EXERCISE OBJECTIVE -
If a line below falls between the line with "Especificações técnicas: - Kit" and the line with "Vネックがポイントです♪ブルー、クリームの2色展開。", or is one of those two, output it exactly; output nothing else and no pictures.

DATA FOR REVIEW -

════════════════════

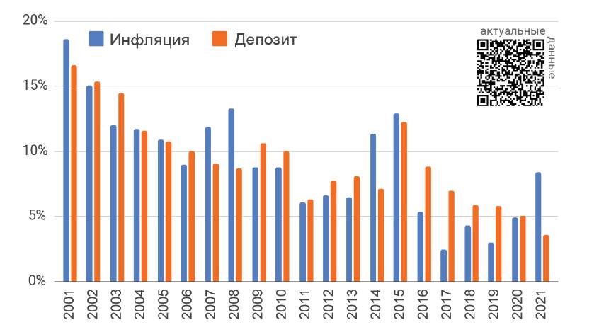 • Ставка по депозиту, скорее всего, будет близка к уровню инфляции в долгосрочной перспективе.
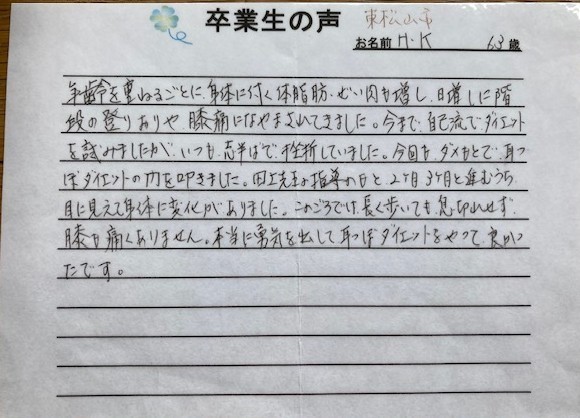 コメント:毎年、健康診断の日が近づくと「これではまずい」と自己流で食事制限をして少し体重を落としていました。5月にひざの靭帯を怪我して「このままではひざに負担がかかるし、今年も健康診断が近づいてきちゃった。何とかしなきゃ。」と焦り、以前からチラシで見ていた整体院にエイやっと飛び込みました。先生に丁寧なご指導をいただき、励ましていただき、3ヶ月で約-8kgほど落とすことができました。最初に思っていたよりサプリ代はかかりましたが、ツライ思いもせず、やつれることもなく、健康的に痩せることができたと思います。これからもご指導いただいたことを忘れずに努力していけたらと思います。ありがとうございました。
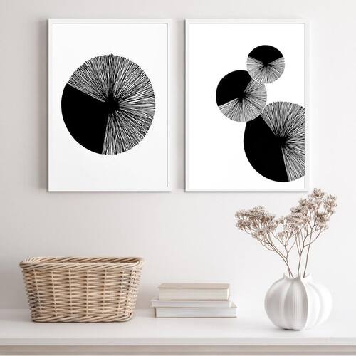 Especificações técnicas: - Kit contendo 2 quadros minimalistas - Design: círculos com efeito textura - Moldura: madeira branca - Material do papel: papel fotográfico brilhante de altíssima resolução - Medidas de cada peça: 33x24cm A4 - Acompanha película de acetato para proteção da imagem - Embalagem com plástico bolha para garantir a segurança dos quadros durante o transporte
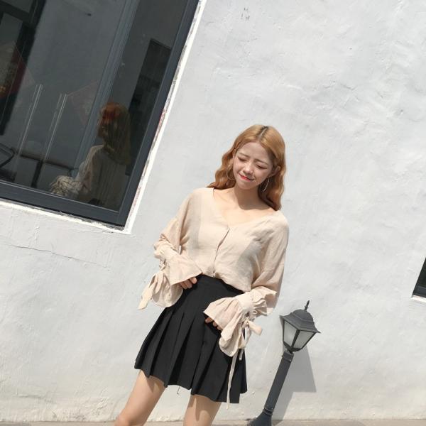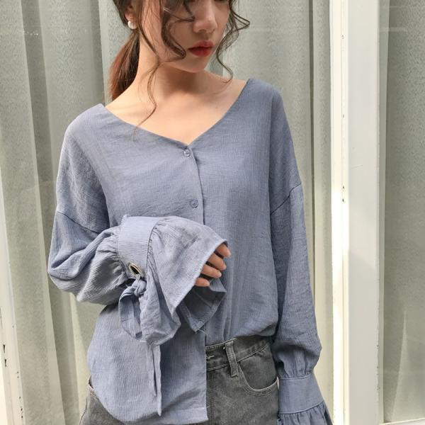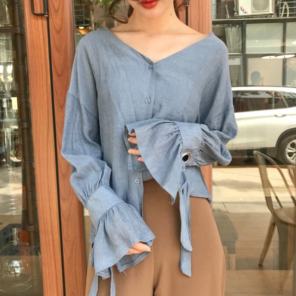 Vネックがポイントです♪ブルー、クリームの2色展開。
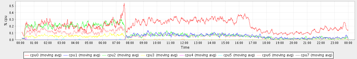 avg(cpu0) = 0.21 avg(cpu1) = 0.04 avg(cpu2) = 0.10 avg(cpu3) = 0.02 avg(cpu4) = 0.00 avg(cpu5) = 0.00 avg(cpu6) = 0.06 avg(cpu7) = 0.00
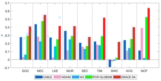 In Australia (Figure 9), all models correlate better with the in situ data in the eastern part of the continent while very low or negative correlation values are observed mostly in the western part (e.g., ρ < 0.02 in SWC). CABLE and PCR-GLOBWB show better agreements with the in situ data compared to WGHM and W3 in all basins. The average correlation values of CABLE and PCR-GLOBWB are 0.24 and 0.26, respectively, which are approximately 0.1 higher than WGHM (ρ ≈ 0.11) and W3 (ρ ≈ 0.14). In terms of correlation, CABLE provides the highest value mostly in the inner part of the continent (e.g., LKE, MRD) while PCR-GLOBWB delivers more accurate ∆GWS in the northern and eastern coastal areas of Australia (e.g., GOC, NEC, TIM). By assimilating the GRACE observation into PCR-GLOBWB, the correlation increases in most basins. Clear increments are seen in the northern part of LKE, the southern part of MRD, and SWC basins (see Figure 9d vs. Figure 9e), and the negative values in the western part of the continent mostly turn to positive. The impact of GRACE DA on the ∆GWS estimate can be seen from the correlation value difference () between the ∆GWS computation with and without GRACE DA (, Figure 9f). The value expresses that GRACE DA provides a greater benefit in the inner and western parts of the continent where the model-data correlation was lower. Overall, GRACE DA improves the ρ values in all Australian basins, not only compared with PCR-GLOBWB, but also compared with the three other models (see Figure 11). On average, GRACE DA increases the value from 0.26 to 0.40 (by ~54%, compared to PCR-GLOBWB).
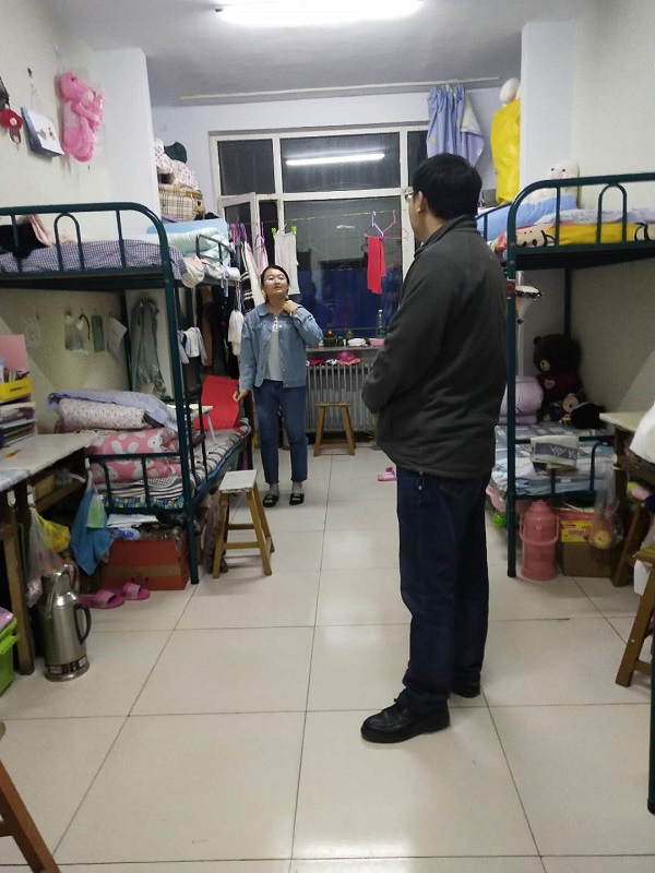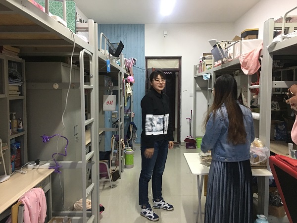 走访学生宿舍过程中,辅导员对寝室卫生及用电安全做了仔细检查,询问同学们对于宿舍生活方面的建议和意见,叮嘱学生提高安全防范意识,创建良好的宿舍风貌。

════════════════════

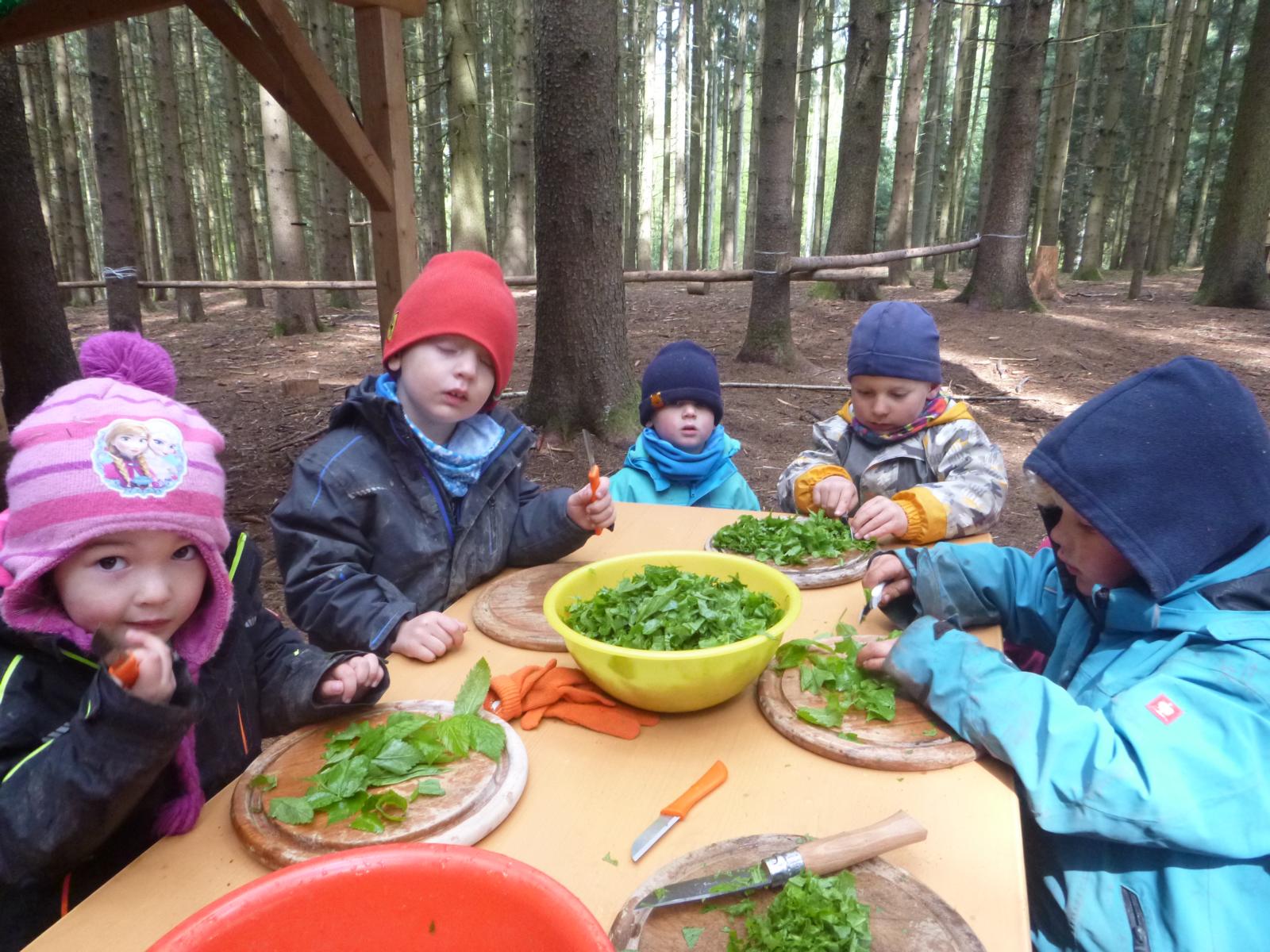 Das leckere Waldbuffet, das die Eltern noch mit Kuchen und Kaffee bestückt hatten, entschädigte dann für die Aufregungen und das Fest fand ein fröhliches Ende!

════════════════════

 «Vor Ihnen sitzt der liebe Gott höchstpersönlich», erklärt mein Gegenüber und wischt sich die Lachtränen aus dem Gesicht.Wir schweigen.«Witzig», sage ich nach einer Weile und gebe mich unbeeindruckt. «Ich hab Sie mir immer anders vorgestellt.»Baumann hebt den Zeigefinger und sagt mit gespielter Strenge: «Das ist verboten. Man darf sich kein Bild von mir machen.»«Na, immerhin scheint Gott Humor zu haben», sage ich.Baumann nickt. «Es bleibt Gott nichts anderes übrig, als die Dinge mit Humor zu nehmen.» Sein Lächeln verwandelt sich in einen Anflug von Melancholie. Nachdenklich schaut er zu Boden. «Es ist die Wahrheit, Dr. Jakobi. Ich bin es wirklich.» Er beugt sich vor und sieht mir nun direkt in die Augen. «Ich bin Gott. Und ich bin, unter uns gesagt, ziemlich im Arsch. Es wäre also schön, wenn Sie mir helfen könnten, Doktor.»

════════════════════

TASK ANSWER -
 Especificações técnicas: - Kit contendo 2 quadros minimalistas - Design: círculos com efeito textura - Moldura: madeira branca - Material do papel: papel fotográfico brilhante de altíssima resolução - Medidas de cada peça: 33x24cm A4 - Acompanha película de acetato para proteção da imagem - Embalagem com plástico bolha para garantir a segurança dos quadros durante o transporte
 Vネックがポイントです♪ブルー、クリームの2色展開。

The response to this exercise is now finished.